Ciò che conta, alla fine, sono l’emozioni suscitate. Quelle che restano dentro, e che, come uno sciame di api impazzite, vorticano ancora nella mia testa … o nella mia pancia, a seconda dei casi. L’adolescenza è una delle fasi più importanti ma difficili dell’esistenza umana. Se riflettiamo, ci guardiamo alle spalle, probabilmente inutili errori compiuti in passato non li compieremmo adesso, ma il Tempo è l’unico beneficio e passando in fretta suscita sempre qualche effetto.
L’autrice di questo piccolo libriccino avrebbe voluto sapere come comportarsi, quale decisione prendere quando era solo un’adolescente, ma non fu mai tutelata, compresa da nessuno, né tantomeno dai suoi amici o parenti, peggiorando ogni cosa, rendendola sempre più sola. Una ragazza qualunque avrebbe potuto essere qualunque se la sua vita non fosse stata imprigionata nel pozzo oscuro della sofferenza, delle incertezze, di svariate problematiche alimentari e fisiche se non fosse stata assaltata, depravata dal mondo esterno. Il disagio innescato l’avrebbe condotta a sentirsi un’estranea, guardarsi con gli occhi di un altro, togliere qualunque costrizione e scappare in quella landa deserta che, giorno dopo giorno, Baek ha reso suo.

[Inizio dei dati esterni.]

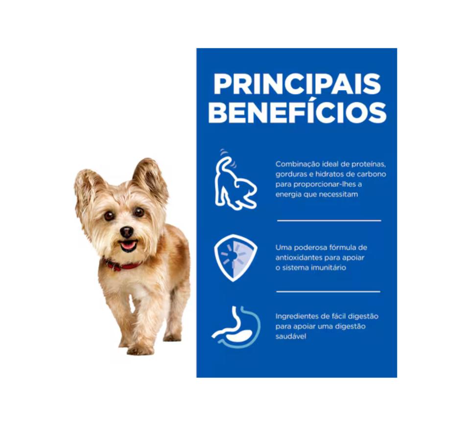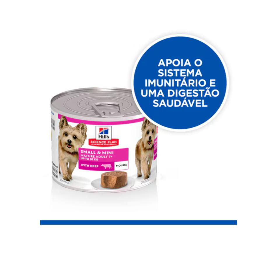 Hill's Science Plan mousse para perros adultos maduros de razas pequeñas y mini con Vaca es un alimento completo para perros adultos maduros de razas pequeñas a partir de 7 años. Es un alimento húmedo diseñado específicamente para las necesidades únicas de su perro de raza pequeña y mini y para favorecer un envejecimiento elegante.

Questo romanzo non brilla di originalità, né per temi o situazioni di cui la sfortunata Baek sarà protagonista, in quanto di storie come queste ne leggo a bizzeffe, ma sono proprio i personaggi bizzarri di queste storie, avvolti in bolle di mistero, a tessere trame che meritano però la mia attenzione. Liberarsi dal senso di inquietudine e tristezza che solitamente caratterizzano certi romanzi, proiettati in uno spazio moderato e usuale, fa emergere però un inatteso senso di solidarietà tra lei e la sua anima.
Captarne la bellezza, dunque, in qualcosa che non è fosforescente, in ogni luogo e in una particolare aura di coinvolgimento, questo piccolo libriccino avvolse comunque le mie piccole membra inducendomi così a nutrire una certa tenerezza nei riguardi di questa fragile ragazza, caratterizzata da un filo di drammaticità, camuffandosi fra i dolorosi ricordi di una piccola donna che ha sempre voluto essere piccola, invisibile agli occhi. Incompresa, perennemente consapevole di essere estranei alla realtà che li circonda, rifugiandosi così fra le pagine di un libro o, in questo caso, di un diario. Aspirando così ad una vita per nulla pretenziosa ma soddisfacente e desiderare di trovare qualcuno che possa capirli e farli sentire se stessi. La persona giusta da cui trarre conforto o “rimedio”, a seconda dei casi.
Niente di raffinato e straordinario, in cui l’intimità resta reclusa fra le solide celle della stessa Baek, Vorrei farla finita ma anche mangiare toppokki non raggiunge l’apice della luminosità, quanto essa stessa è smorzata sin dal principio. E non riesce a splendere nemmeno quando si prende consapevolezza di conflitti fra il desiderio di essere integrati nel mondo degli << altri >> e il bisogno irrinunciabile di essere se stessa, che non ha nemmeno evidenziato una particolare sintonia fra autrice, la propria esperienza e l’incapacità di ricevere chi la circonda, chi avrebbe voluto aiutarla. Ma rappresentazione perfetta di una realtà assolutamente tattile, ambigua, controversa che è un’altra zona illuminata nella tela della luce. Un piccolo bagliore che a modo suo ha potuto splendere.